Others charged, and still awaiting trial, in connection with the drug operation include:
Jerome Beverly Tucker, 63, of the 400 block of Chestnut Street, Pottstown, who authorities alleged was “to cook the crack cocaine” and prepare it for distribution; and Christopher Saunders, 25, of the 400 block of King Street, Pottstown, who was identified as Cooper’s stepson and “a member of the organization’s upper echelon” and who allegedly was responsible for overseeing the distribution of cocaine and fentanyl in Pottstown.
Investigators with the district attorney’s Violent Crime Unit said the organization’s criminal activities were reported to police by nine confidential informants and three anonymous “concerned citizens.” The investigation also utilized electronic surveillance including wiretaps on the suspects’ phones, visual surveillance, controlled drug buys and seizures of evidence with search warrants.
During the course of the investigation, detectives learned that Cooper was previously jailed for about 10 years on drug trafficking charges and while he was preparing for release from a state prison in 2015 he “formulated a plan” to distribute drugs in Montgomery County, according to the criminal complaint.
“This investigation revealed Cooper accomplished his goal,” detectives wrote. “This plan included the enlistment of various sub-dealers, including his stepson, Chris Saunders.”
On June 1, 2018, detectives intercepted phone calls between Cooper and his alleged confederates that revealed Figueroa was to deliver fentanyl to Cooper at the Muhlenberg Township residence, according to court papers. Surveillance was established in the area and detectives observed Figueroa arrive in a Honda Odyssey and meet with Cooper.

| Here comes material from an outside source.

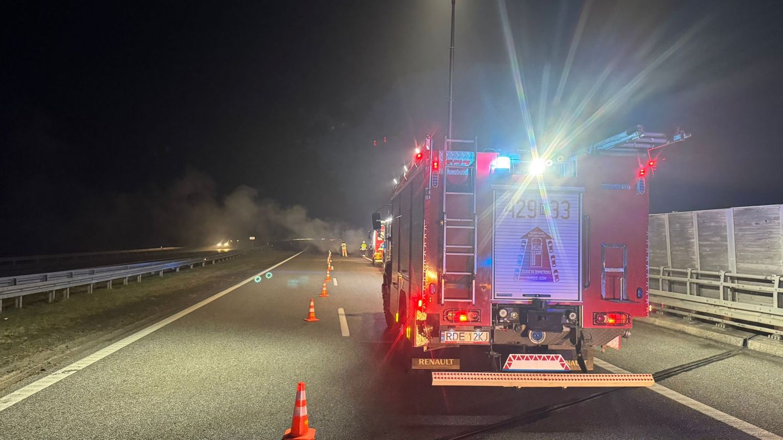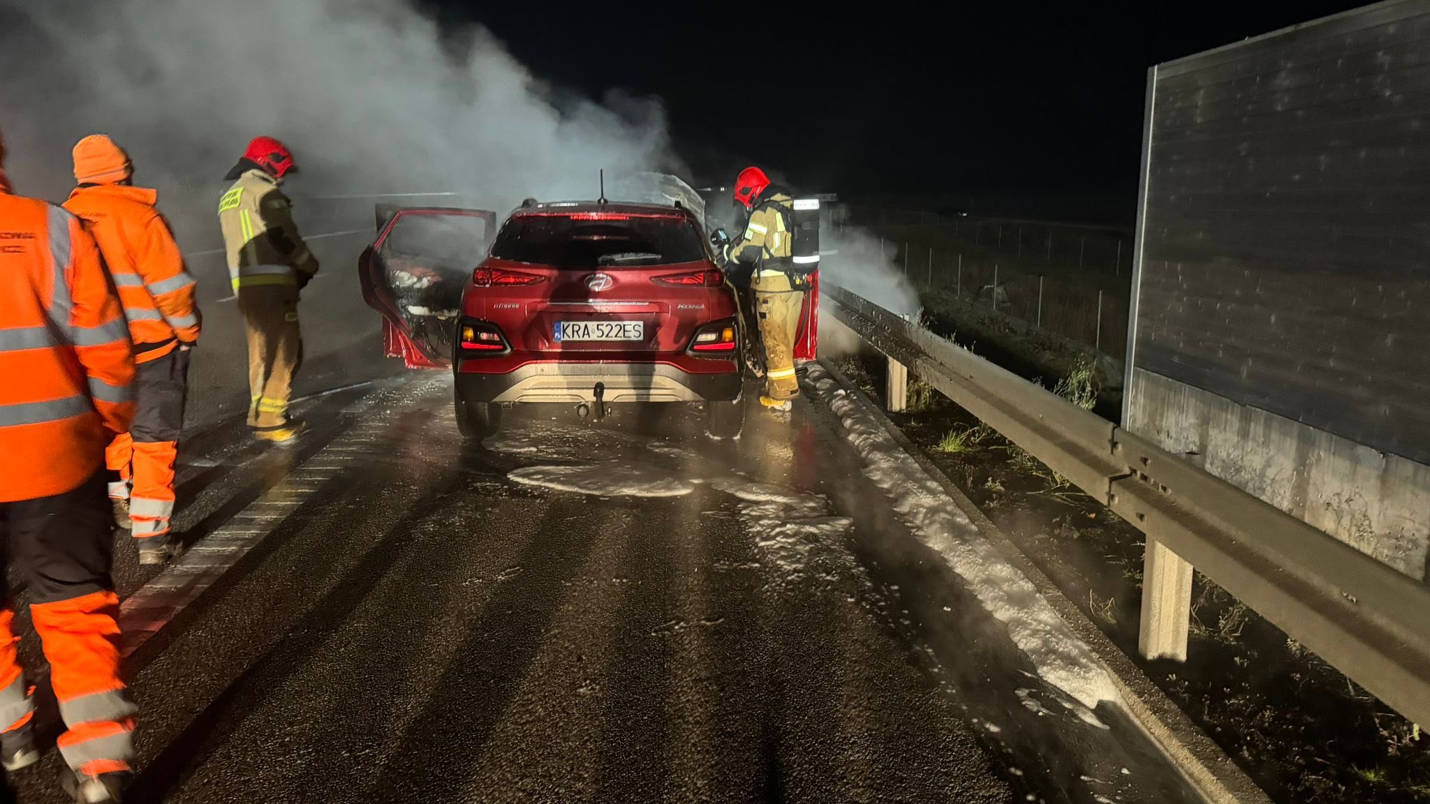 Na miejsce skierowano jednostki Państwowej Straży Pożarnej z JRG 2 Dębica, zastęp Ochotniczej Straży Pożarnej KSRG Żyraków, policję oraz służby zarządzające autostradą. Ogień pojawił się w przedniej części pojazdu – w rejonie komory silnika. Wydobywający się z maski gęsty dym był widoczny z daleka, jednak mimo groźnej sytuacji nikomu nic się nie stało.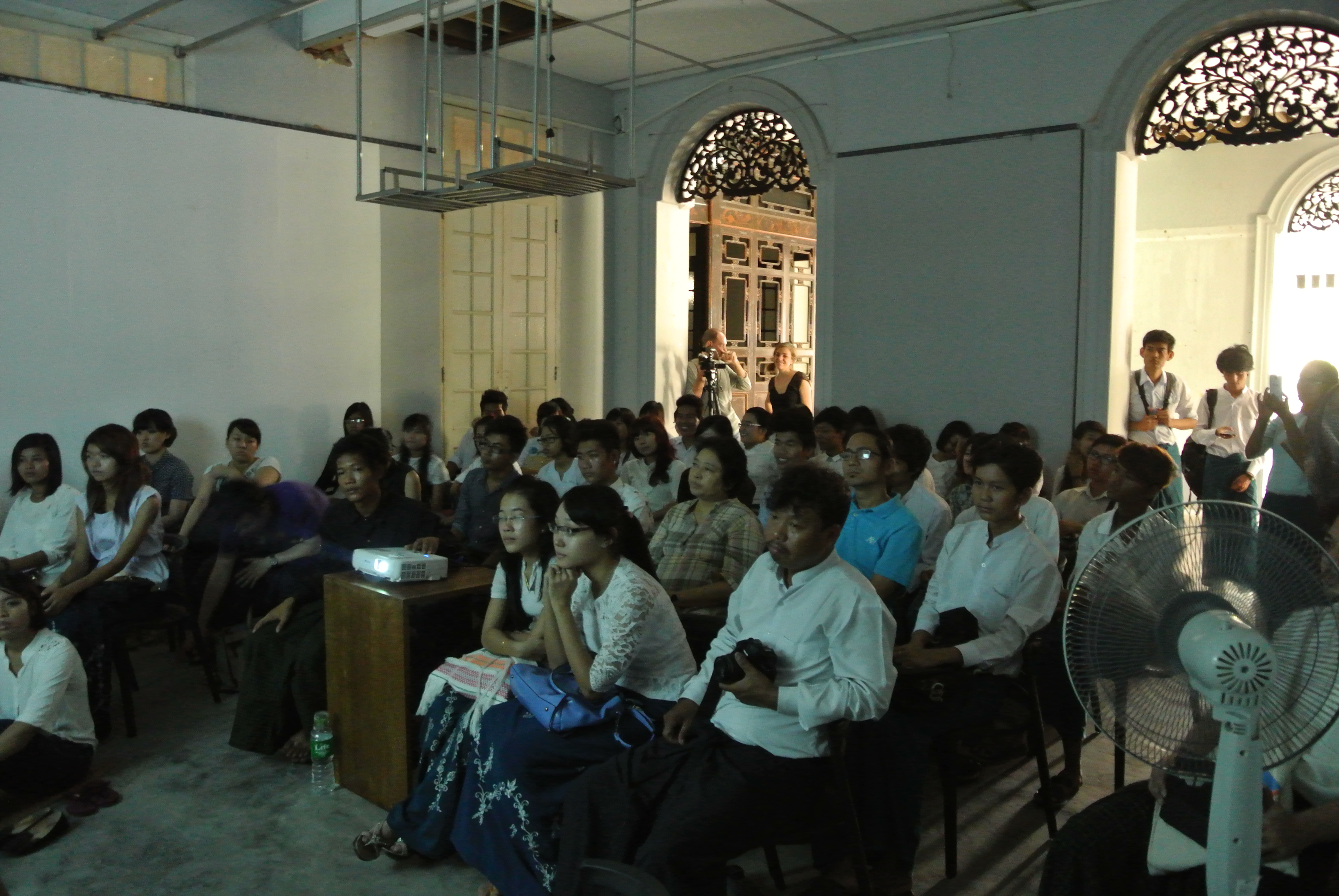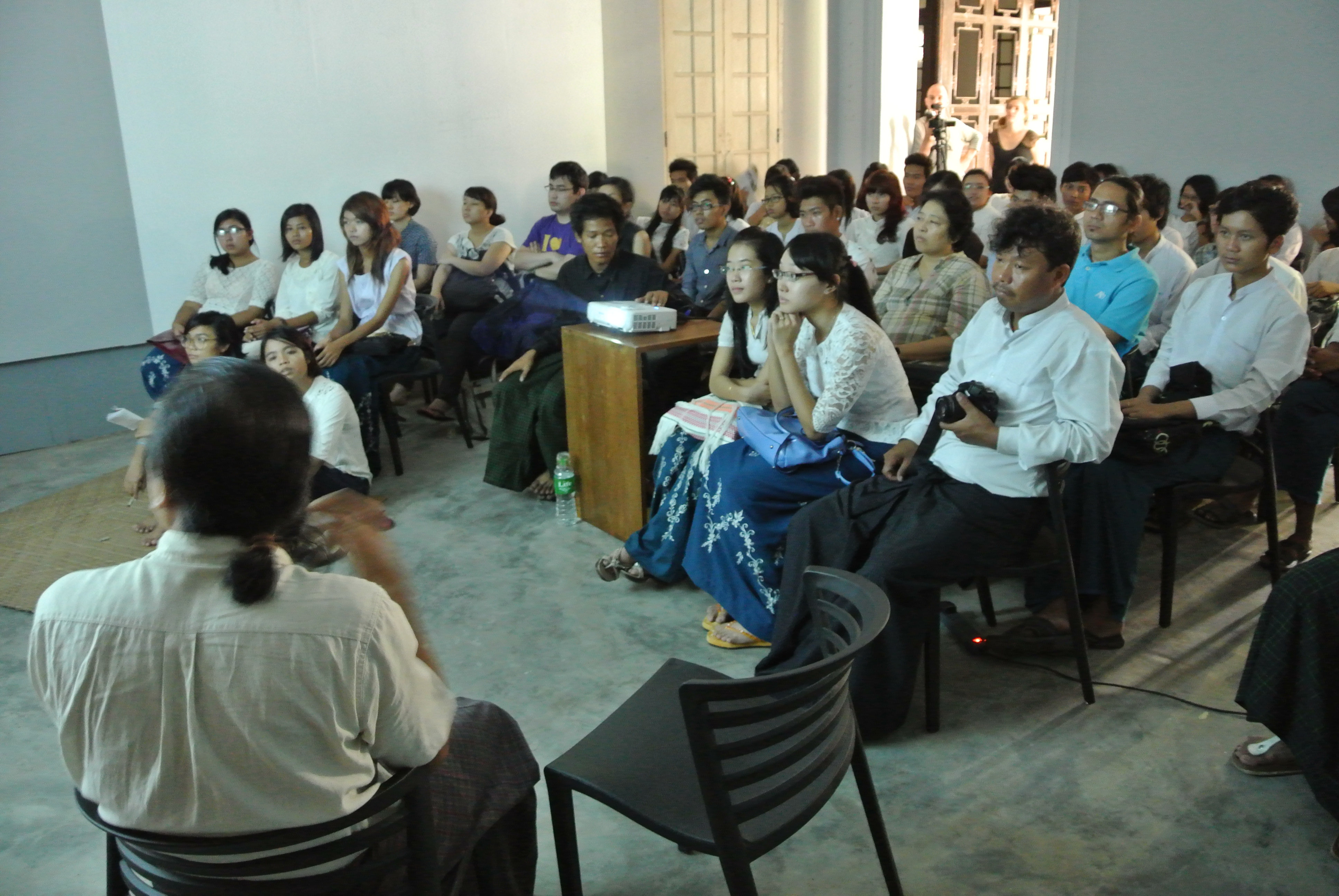 Highlights of the project included an artist talk by Po Po, the creator of the Mobile Library installation and an esteemed contemporary artist in the community. MARCA invited new students from the University of Art and Culture – Yangon to listen to Po Po speak about aesthetics, what contemporary art means, and his own fascinating practice based largely around installation and photography. It was a rare opportunity for the Myanmar students to see one of their own artists speak at length. Even our co-director, Zoncy, mentioned that in her 5 years as an artist, she has never seen Po Po speak and was happy to have the chance.

“We knew we had to try and stop that significant amount of deadly poison from going out on the street, so we moved quickly to set up law enforcement teams to arrest the defendants and serve 15 search warrants on their homes and vehicles,” Steele said.
During a subsequent search of Cooper’s residence, detectives seized cocaine, drug packaging materials and a firearm, according to the arrest affidavit. Detectives alleged the cocaine was obtained from Figueroa.
Figueroa also utilized a concealed compartment, or void, in the rear of the Honda Odyssey to conceal drugs. A state police trooper trained to identify such altered vehicle compartments searched the vehicle and discovered two bags of fentanyl, nearly 200 grams, and a Glock .40-caliber firearm.
Officials said the fentanyl seized could have been divided into 6,600 doses on the street.
Searches also were conducted at other residences in Montgomery, Berks and Lehigh counties and resulted in the seizure of drugs, seven firearms and $34,000 cash, court papers indicate.
The arrests were the culmination of a joint investigation by authorities from Montgomery, Berks and Lehigh counties, as well as the Federal Bureau of Investigation and the Pennsylvania Office of the Attorney General and Pennsylvania State Police.
Miguel A. “Migz” Figueroa Jr., 34, of Reading, was sentenced in Montgomery County Court to 18 to 40 years in state prison after he pleaded guilty to drug-related charges in connection with his role as the supplier of drugs in a corrupt organization that distributed drugs in Montgomery, Berks and Lehigh counties.